Color is a significant visual characteristic for both human vision and computer processing. An efficient color descriptor must characterize two important attributes: indication of the color content of an image and information about the spatial distribution of the colors. In this paper, we present a new color descriptor, based on indexed matrix analysis and FDSS, which we called a Fuzzy Indexed Color (FIC).

The algorithm steps of the proposed FIC descriptor can be divided into two sub-algorithms: the color feature extraction algorithm and the matching algorithm.

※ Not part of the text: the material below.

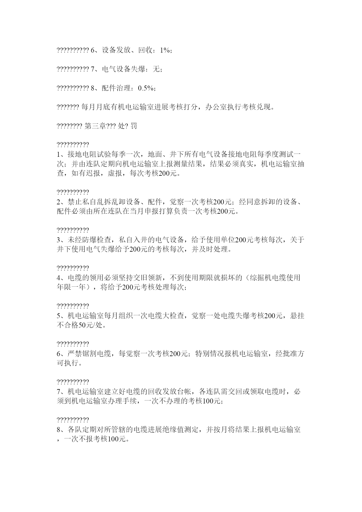 机电运输平安考核细那么第一章???总?那么???????本方法制定的按照为:《平安消费法》、《矿山平安法》、《煤矿平安规程》、《消费矿井质量标准化标准》、《煤矿机电设备完好标准》、《煤矿矿井机电设备检修标准》以及集团对矿井机电治理的文件、规定等相关条文。???????本方法适用与煤矿所属各单位机电治理以及大型固定设备、采掘挪动设备、供电设备、井上下供电系统、各类机电平安保护系统、计量器具、特种设备等。???????第二章???执?行?????????一、我矿矿成立机电治理考核领导小组,小组成员如下:???????组长:矿长???????副组长:机电副矿长???????成?员:各科队治理人员???????机电治理考核领导小组下设办公室,办公室设在机电运输办公室。???????二、?办公室的职责:全面负责组织全矿机电运输治理工作的开展,及时协调处理各区队的机电运输征询题,做好检查、监视和考核工作,提高机电运输系统的可靠性,确保机电运输质量标注化达标。???????三、?机电设备治理进展月考核,机电治理工作其指标分配如下:??????????1、设备完好情况:2%;??????????2、各项机电平安保护:2%;??????????3、点检定修工作:2%;??????????4、设备事故、缺点、误产情况:1%;??????????5、设备治理工作:1%;??????????6、设备发放、回收:1%;??????????7、电气设备失爆:无;??????????8、配件治理:0.5%;???????每月月底有机电运输室进展考核打分,办公室执行考核兑现。????????第三章???处?罚??????????1、接地电阻试验每季一次,地面、井下所有电气设备接地电阻每季度测试一次;并由连队定期向机电运输室上报测量结果,结果必须真实,机电运输室抽查,如有迟报,虚报,每次考核200元。??????????2、禁止私自乱拆乱卸设备、配件,觉察一次考核200元;经同意拆卸的设备、配件必须由所在连队在当月申报打算负责一次考核200元。??????????3、未经防爆检查,私自入井的电气设备,给予使用单位200元考核每次,关于井下使用电气失爆给予200元的考核每次,并及时处理。??????????4、电缆的领用必须坚持交旧领新,不到使用期限就损坏的(综掘机电缆使用年限一年),将给予200元考核处理每次;??????????5、机电运输室每月组织一次电缆大检查,觉察一处电缆失爆考核200元,悬挂不合格50元/处。??????????6、严禁锯割电缆,每觉察一次考核200元;特别情况报机电运输室,经批准方可执行。??????????7、机电运输室建立好电缆的回收发放台帐,各连队需交回或领取电缆时,必须到机电运输室办理手续,一次不办理的考核100元;??????????8、各队定期对所管辖的电缆进展绝缘值测定,并按月将结果上报机电运输室,一次不报考核100元。??????????9、有五小电气,各队都必须有专职或兼职负责人,进展日常治理、维护,并及时回收退下来的五小电气,并分类整齐的存放在本队的库房内,以备再用,同时建立台帐,进展记录,否那么井下每觉察一次考核100元。??????????10、领用小型电气一律采纳交旧领新制度,材料办严格把关,不交旧不予发新,如未交旧发放新的,一经查出,给予200元的考核处理,并在24小时内交旧。??????????11、各队使用的油脂必须按规定摆放整齐,标示明晰,油脂摆放地点必须保证洁净整齐,要有足够数量的灭火器,沙箱等防火器材,缺一项或不合格考核100元。??????????12、各种加油桶不得混用,油桶必须加盖,加油桶每次装油前都要清洗洁净,不得有任何杂物,如加油桶混用一次考核100元,桶不洁净一次考核50元,如不按规定加油造成机电设备出现缺点一次考核500元,加油桶不加盖一次考核50元。??????????13、工作面油桶摆放数量最多不能超过5个,综掘队不得超过3个,多一个考核100元。??????????14、综掘机加油,在用油必须通过滤油机过滤,否那么不得使用,如在用油不过滤使用一次考核100元。??????????15、加油前必须做好防护工作,每次加油,更换油必须在设备上搭装不小于5m2的防护棚,以保护设备开盖后,不得掉进煤块等杂物,必须清扫洁净采煤机等设备上的杂物,用水管冲洗洁净加油设备后,用大布擦净设备,以防油、水、煤混合,否那么一次考核100元,如不搭防护棚,掉进煤等杂物,造成设备出现缺点一次考核200元。??????????16、人为的浪费油脂,按油价的

4.3.1 Color feature extraction algorithm

  1. 1.

    All images (rgb images) are resized to 256*256 and projected on a 2D FBWN.

  2. 2.

    The image can be defined as a function I defining RGB triplets for image positions \((x,y)\, I\,(x,y)\mapsto (R(x,y),G(x,y),B(x,y))\). So the image was converted to an indexed image with a color map that contains 256 different colors.

  3. 3.

    We count the number of unique colors stored with the corresponding color pixel values (\(v_r,v_g ,v_b\)) and its spatial position (i, j) in the corresponding indexed matrix.

So, we note:

  • \(UC_k\) as the \(k\mathrm{th}\) unique color of an image

  • \(\omega _k\) as the \(UC_k\) weight, which measures the importance of this color in the image and can be obtained by applying the following equation:

    $$\begin{aligned} \omega _k=\frac{Nbre\_ UC_k}{\mathrm{Total}\_ UC \_\mathrm{image}} \end{aligned}$$
    (5)
  • \(CP_{i,j}\) , as the color pixel of \(UC_k\) characterized by three values \((v_r,v_g ,v_b)\) and

  • \(Pos_{i,j}\) as its corresponding position in the indexed matrix

Therefore, each image can be defined by four parameters :\(UC_k, Pos_{i,j}, \omega _k, CP_{i,j}(v_r, v_g , v_b)\).

4.3.2 Fuzzy matching algorithm for color descriptor

The objective of this fuzzy matching algorithm is to select similar RI to the QI. The algorithm is composed of two steps: similarity measure and distances fusion process.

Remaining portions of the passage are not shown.